Phaedrus, however, remains unsatisfied: he had thought that Socrates was about to proceed and present the benefits of the lover. Socrates justifies his conclusion by saying that he was inspired by the Nymphs and did not want to be carried away. But as Socrates sets out to return to Athens, a divine sign appears and warns him against a premature return. Socrates interprets this as a sign that he has offended the gods. He thus sets out to remedy the situation with a second speech on eros.

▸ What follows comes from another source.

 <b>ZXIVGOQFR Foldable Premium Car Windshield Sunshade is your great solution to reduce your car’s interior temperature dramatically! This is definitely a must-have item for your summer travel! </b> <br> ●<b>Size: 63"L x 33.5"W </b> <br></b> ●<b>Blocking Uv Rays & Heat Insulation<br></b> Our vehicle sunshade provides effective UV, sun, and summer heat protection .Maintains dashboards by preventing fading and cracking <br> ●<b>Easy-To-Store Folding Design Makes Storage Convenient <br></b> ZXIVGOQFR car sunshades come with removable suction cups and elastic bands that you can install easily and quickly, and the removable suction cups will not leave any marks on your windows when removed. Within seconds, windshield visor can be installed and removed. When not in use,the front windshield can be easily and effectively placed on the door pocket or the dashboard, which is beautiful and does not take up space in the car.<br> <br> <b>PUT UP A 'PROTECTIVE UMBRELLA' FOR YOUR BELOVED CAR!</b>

Socrates' second speech, known as his Great Speech, establishes the overarching importance of eros in life. There are four types of divine madness, derived from Apollo, Dionysus, the Muses, and Aphrodite—the last being eros. In order to understand that love is a divine and beneficial madness, Socrates likens the soul to a chariot with two horses and a charioteer. The greatest good for the soul is to grow wings and fly through the heavens with the gods. If the soul is strong and controls its horses, it catches sight of such true Ideas as Beauty and Self-Knowledge beyond the heavens. The souls of men, however, all have a bad horse and will eventually fall back down to earth. Now, when the soul catches glimpse of a beautiful boy on earth, it is reminded of the vision of Beauty that it saw beyond the heavens. The resulting yearning is eros. The soul that can control such yearning will be granted the philosopher's boon--an early return to heaven after three thousand years instead of ten thousand years.

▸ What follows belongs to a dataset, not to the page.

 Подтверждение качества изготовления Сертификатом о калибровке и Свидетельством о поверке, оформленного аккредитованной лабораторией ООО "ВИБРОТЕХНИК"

After Socrates concludes his Great Speech, the dialogue transitions to a discussion of rhetoric and writing. Phaedrus has been influenced by the sophistic view of rhetoric, which states that persuasion trumps truth in the art of rhetoric. Socrates challenges this argument by demonstrating the harmful influences of speaking without knowing the truth. Rhetoric, in fact, directs the soul. As such, the rhetorician must understand the souls of different audiences and speak accordingly. Such understanding cannot be gleaned from books on rhetoric. True rhetoric involves dialectic, which involves collecting and dividing knowledge of a subject in a natural way. This art of dialectic can can only be acquired by philosophizing systematically about the nature of life and of the soul. According to Socrates, then, the true art of speaking is reserved for philosophers.

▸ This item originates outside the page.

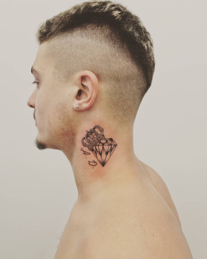 This bold neck tattoo features a beautifully detailed diamond topped with a royal crown, symbolizing strength, value, and authority. The crown elevates the diamond, turning it into a statement of self-worth and ambition.

The last topic of discussion between Socrates and Lysias addresses the technology of writing. Socrates tells the myth of the god Theuth, who discovered writing and transmitted it to the Egyptians. When Theuth presented writing to King Thamus of Egypt, he heralded it as a device that would increase wisdom and memory. But Thamus replied that writing would increase forgetfulness rather than memory. For instead of internalizing and understanding things, students would rely on writing to remind themselves of various matters. Moreover, students would be exposed to many ideas without their properly being thought. On a related note, Socrates criticizes writing essentially because it is not speech: it cannot discern between audiences and cannot respond to questions or criticism. The philosopher, then, would only use dialectic writing—and even then, only for his own amusement.
After reaffirming the importance of philosophy to both spoken and written discourse, Phaedrus and Socrates set out on the path back to the city.

Themes

The Polis
Socrates is a man of the city, or the polis, whether or not he agrees with its regime. Because he derives great pleasure from conversing with the citizens of Athens, he has no reason to set foot beyond the city walls. In the Phaedrus, however, Phaedrus manages to lure Socrates out to the countryside, where Socrates appears entirely out of place. Outside of the polis, nymphs and gods possess Socrates and inspire him to deliver two speeches. The setting thus plays an important role in the dialogue and may serve to demonstrate the characteristics of a particular type of madness (see “Madness” below).


Myths
At the beginning of the dialogue, Socrates evokes the possibility of demythologizing the myth of Boreas and Oreithuia. Given enough time, he claims, one presumably could retell the events covered in the myth with natural and logical explanations. Nevertheles, myths in their metaphoric aspects prove useful to Socrates. Throughout the Phaedrus, Socrates refers to—and even invents—various myths for the sake of his argument. Perhaps Socrates’ uncharacteristic respect for myths and traditional theology can be attributed to the setting outside the polis. Beyond noting the narrative influence of the gods and the nymphs, however, we should ponder the role that myths play in the dialogue. Does Socrates’ reliance on myths undermine or support his philosophic speculations?


The Platonic Soul

Socrates likens the souls of men and gods to chariots led by two winged horses. The gods possess horses of entirely good breed and are thus able to fly in heaven eternally. The souls of men, however, are all burdened by the combination of a good and a bad horse: inevitably, they are dragged down to earth. Once on earth, all souls must wait ten thousand years before growing back their wings—except for the philosophers, who can sprout wings and return to heaven in three thousand years. The human soul plays a crucial role in the Phaedrus because it is linked to both eros and rhetoric; can these things keep both horses, or at least one or the other, under control? Taking a correct approach to eros and rhetoric qualifies a soul as philosophic, and such a soul is consequently granted the summum bonum of an early return to heaven.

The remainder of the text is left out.